Instead, their leadership meekly goes along whenever BushCo ropes them into a corner, instead of asking "how do squeeze some good out of this?" When will the Congressional leadership stop going like lambs to the slaughter, raising not a bleat or a scuffle?

Jim P


Subj: Voter Registration

Thank you so much for having the voter registration available on your website. I needed to update my information and it was wonderful to be able to do it on BuzzFlash. I have forwarded the info to my daughter so she can do the same. Thank you!!

Cynthia Pedersen
Oceanside, CA


Subj: Gov. Gang Bang

Buzz,

It seems the real issue with AHHnold is one of character. He is a man of extremes and excess. In his Oui interview he brags of gang bangs, womanizing, drug and steroid use, etc., etc. I don't buy the excuse that he was "just a young man" at the time. He was around 26 or 27 then? That's nearly 10 years past the time when this country deems you mature enough to fight and die in war. No one who has committed even the smallest criminal offense gets a pass like that (unless your name is bush, then you can be busted for coke or desert the military and have your record washed, more youthful mistakes eh)? The Arnold of today is still the same as the old one. He was one of the first to own a Hummer, a vehicle of excess and also owns and drives an even larger tank like vehicle. His body is pumped to gross excessive proportions. He smokes the biggest most expensive cigars. He makes movies of excessive violence featuring cartoonish characters at a time in his "acting career" when most actors start to get more introspective and look for more meaningful roles. And now his taste for more excess leads him to want to be leader of one of this country's greatest states. I don't trust him and I don't for a minute buy bush's act of being only mildly interested in the outcome. They are behind him and it's obvious from his actions of the past few days that he hasn't a clue what he's doing. That should give us all an idea as to what kind of puppet he really is. More scary stuff from the masters. We can only pray they hit the wall soon.

Phil Rowland
South Pasadena, CA.


Subj: Got a headline for you "Insects Seeking WMDs"

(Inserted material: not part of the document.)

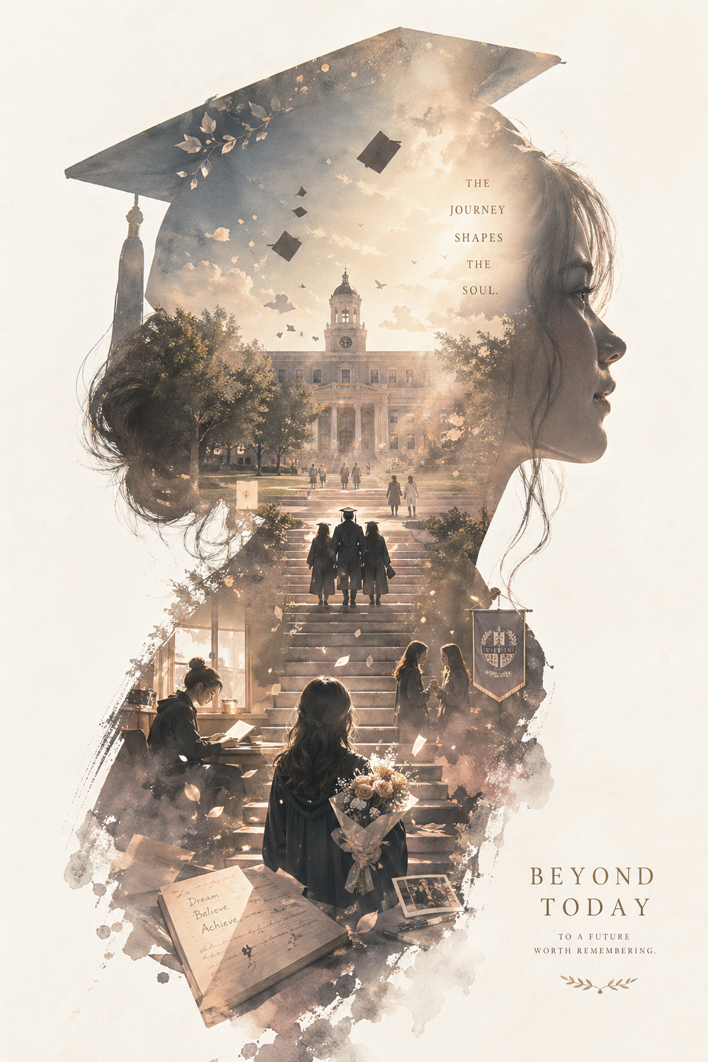 根据热门 X 提示词做最小兼容改写,生成一张收藏版史诗叙事毕业海报。巨大的年轻毕业生女性侧脸剪影作为外轮廓,剪影内部生长出完整世界观与标志性校园毕业场景:教学楼、礼堂、学位帽、花束、阶梯、同学关系、象征符号、关键建筑、纸张、光影与纪念氛围。整体不是普通拼贴,而是高级的剪影轮廓填充式叙事合成,带有双重曝光联想,但更偏电影海报与梦幻水彩插画融合风格。柔和空气透视,轻雾化过渡,纸张颗粒,边缘留白与刷痕,大面积留白,版式克制高级,安静、宏大、神圣、怀旧、诗意、传说感。风格、色彩、场景、材质全部围绕校园毕业主题自动适配,所有元素必须强绑定主题,一眼识别,不要杂乱,不要硬拼贴,不要模板化背景,不要廉价奇幻素材。如出现字体,仅使用英文。No watermark.

Okay actual headline is "A Real Sting Operation Against Terror" [LINK]

It starts like this...

"Swarms of honeybees and moths housed in a big mesh-covered tent in San Antonio might hold the key to finding nuclear weapons...

For three years, scientists at the Southwest Research Institute have worked with the insects to sniff out explosives under a Defense Department contract."

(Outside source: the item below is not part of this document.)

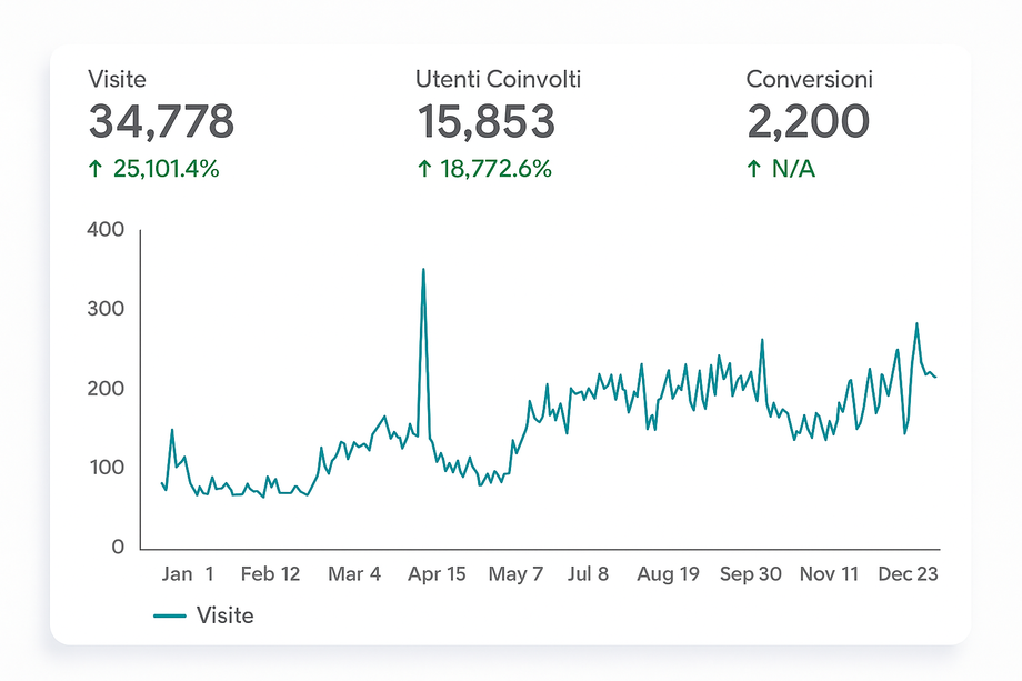 Lavoriamo sulla visibilità organica per attrarre traffico qualificato e sostenibile nel tempo, migliorando il posizionamento del sito nei motori di ricerca attraverso analisi tecniche, keyword strategy e ottimizzazione dei contenuti.

PS. Personal note - my favorite part is when they talk about the University of Montana researchers who are "training the insects" (huh??!!) The added bonus is that they have plans to start training rats, too... (Can't you just see Bushie scurrying around?)

Sincerely,

Grateful BuzzFlash Reader


Subj: things are really desperate when........

Bugler shortage: Pentagon OKs digital device to play taps!

Linda


Dear BuzzFlash friends,

They're spinning yarns again, the liars:

U.S. Sought Support on Iraq Long Ago

WASHINGTON - The bombing of the U.N. headquarters in Baghdad was "a breakthrough, a sad one" that changed attitudes at the United Nations and is allowing the Bush administration to seek a resolution for more international support in Iraq, Deputy Defense Secretary Paul Wolfowitz said Thursday.

Wolfowitz said the issue of a U.N. resolution "didn't sort of emerge out of nowhere a few days ago. It's been on our agenda ever since the fall of Baghdad."

The Bush administration's offer on Wednesday to share power with the United Nations was widely seen as a change of tactics resulting from the rising costs, mounting casualties and growing criticism of slow progress in rebuilding Iraq. The Pentagon was considered particularly wary of a big U.N. role.

But Wolfowitz said the administration always understood a U.N. resolution would be important in attracting international support.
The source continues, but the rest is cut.